Linguistics and English Language Research Ethics Information

Submitting for Review

All LEL submissions for ethical approval must use the PPLS Ethics Submission Portal, and must use GDPR-compliant consent forms.

For a basic outline of the ethics process from start to finish, see this page.
For step-by-step instructions on using the submission tool, see this page.

LEL Honours and MSc students: do not submit an application to the portal yourself. You should do this with your supervisor, and your supervisor must submit the application. Full instructions are here.

Questions: contact the LEL Research Ethics Convenor at

Reviewing Panel

The LEL Research Ethics panel has the following members: Bert Remijsen (LEL Research Ethics Convenor), Claire Cowie, Chris Cummins, Christian Ilbury, Itamar Kastner, Dan Lassiter, Mits Ota (also PPLS Research Ethics Convenor), Hannah Rohde, Kenny Smith, and Sumin Zhao.

The LEL ethics panel also reviews submissions from Philosophy.

Guidance for Staff and PhD students

In LEL (and Philosophy), the process for obtaining ethics approval for research projects is the same for staff, post-docs, and PhD students. You are encouraged to read through the information on this page to understand that process and to understand the ethical implications your research may have.

For researchers working in Psychology, please see guidance here.

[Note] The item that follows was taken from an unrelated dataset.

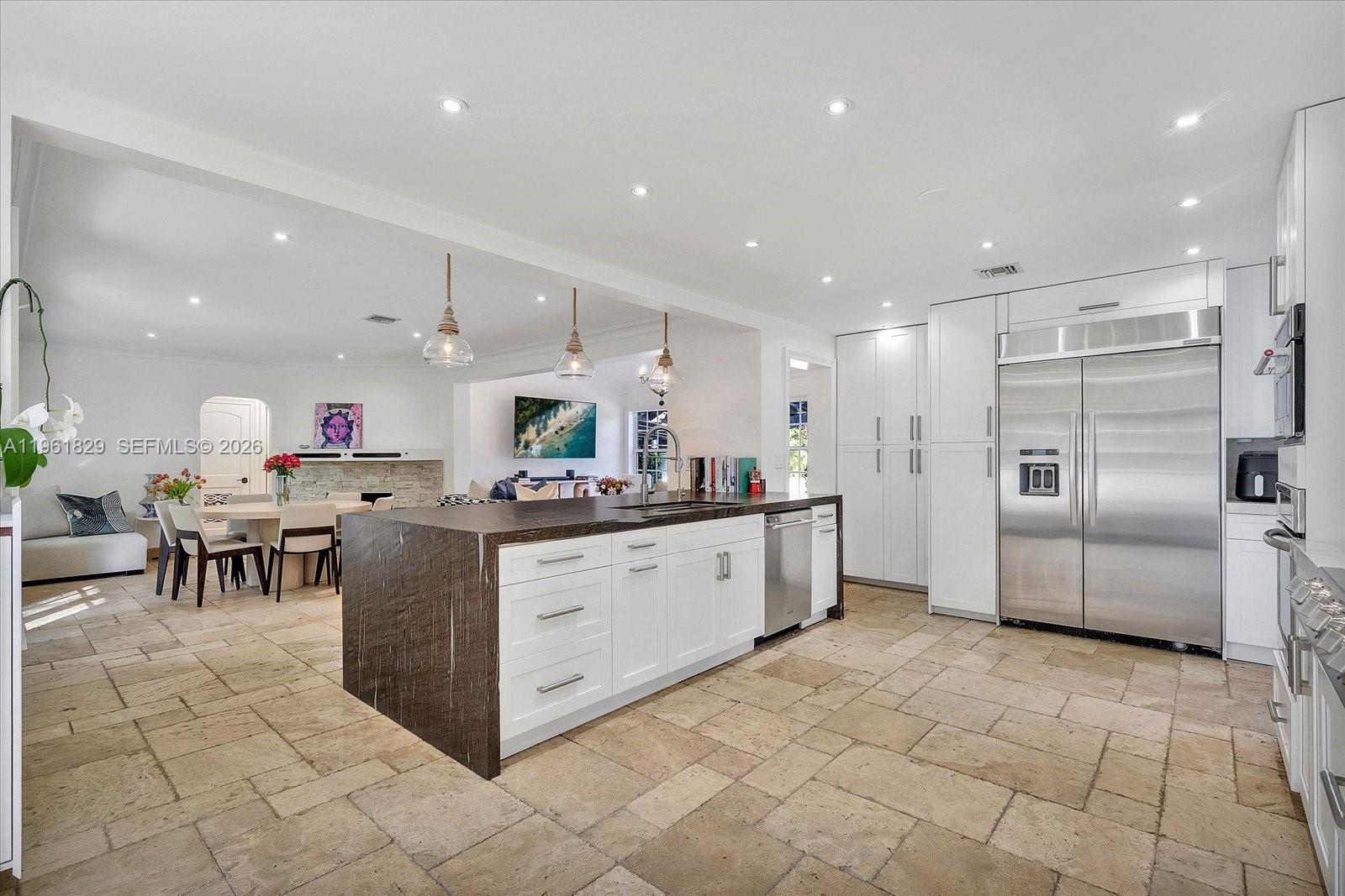 Set in one of Coral Gables’ most coveted neighborhoods, this 3,140 total sq ft private residential retreat is just a short stroll to Sunset Place’s shops, restaurants, and entertainment, as well as top-rated schools. Enjoy the rare convenience of being able to leave the car at home while still returning to complete privacy. The property features a four-bedroom, three-bath main residence complemented by a separate one-bedroom, one-bath guest house—ideal for visitors, extended family, or flexible workspace. Generous living and dining areas centered around a cozy fireplace are filled with natural light and flow seamlessly into a gourmet kitchen with an expansive waterfall island designed for gathering and everyday comfort. What truly distinguishes this home is its remarkable sense of privacy. Mature tropical landscaping envelops the lush lot, creating a serene, sheltered environment rarely found steps away from premier dining and shopping. The main house and guest house are thoughtfully positioned around a sparkling pool and courtyard, enhancing the estate-like feel while maximizing indoor-outdoor living. A rare opportunity to own a spacious, private sanctuary in the heart of Coral Gables.

Guidance for Honours & MSc Students

Every LEL dissertation (Honours or MSc) for all projects involving collection of data from live participants or use of pre-existing data with potential ethical implications must be logged as approved on the PPLS research ethics portal.

Ethical approval is sought by your dissertation supervisor in consultation with you. If you are conducting research with live human participants or using pre-existing data with potential ethical implications, continue reading! If your project does not involve either of these, then please see guidance here.

For a complete outline of the ethics process for students, please go here.

Informed consent

First, check out this short video about written consent.

Key points:

  • All participants in any research must give voluntary and informed consent to their participation in the research.
  • This should be obtained in advance of any data collection.
  • In order for informed consent to be considered to be valid, the participant must:
    • have the legal capacity to give consent,
    • be able to give consent freely without any element of coercion,
    • have enough knowledge of the subject matter that they can make an informed decision as to participation.
  • It is the responsibility of the researcher, not the participant, to obtain this consent, and to ensure that the consent is valid.

More info:

  • Vulnerable Populations and Capacity to Consent:
    • If you’ll be working with participants who do not have the capacity to give their own consent (infants/children, the elderly, disabled adults, prisoners, people in care, or other vulnerable populations), you must gain informed consent from legal caregivers.
    • Note that teachers, nursery/nursing home nurses, GPs, etc., generally cannot give final consent for those in their care.
  • Free consent without obligation:
    • All participants or consenting caregivers, should be made aware that they are under no obligation to participate, that non-participation will not prejudice their continued care, educational progress, medical treatment (etc., as appropriate), and that they may withdraw from participation at any time, again without prejudicing their care, progress or treatment.
  • Making an informed decision:
    • In order for a potential participant to make an informed decision as to their participation in any research, the participant must be made aware of the nature, (general) purpose and duration of the research, the method by which the research is to be conducted, and any risks or benefits which may come from participation in the research.
    • This information must be provided by the researcher as part of an informed consent form. Please be aware of two issues:
      • Informed consent depends on descriptions of the study being comprehensible to participants. Please consider the population you are testing and consult with other experts/supervisor to ensure that you fulfil this criterion.
      • This does not mean providing a summary of your experimental design, or the variables you are manipulating. You should not provide information which would influence a participant’s behaviour (e.g., indicate how you expect them to behave).

LEL specific guidance:

  • Use of recorded speech or other experimental data: 
    • Participants must agree to how the data or recorded speech will be used, e.g. for a particular research project and its demonstrations, for general research and teaching use, or for the general public. Note that putting sound recordings on the world wide web constitutes general public use and must be agreed to; this includes depositing data with Edinburgh DataShare.
  • Use of online experiments:
  • Use of existing corpora:
  • Experimental vs. qualitative/ethnographic research:
    • Differences in research practice and method in linguistics are reflected in different ways of approaching informed consent. Two approaches are outlined in the following links:

Informed Consent in Experimental Research
Informed Consent in Qualitative and Ethnographic Research

Consent forms

Please go to our dedicated consent form (and information sheet) page, and find the right template for your study.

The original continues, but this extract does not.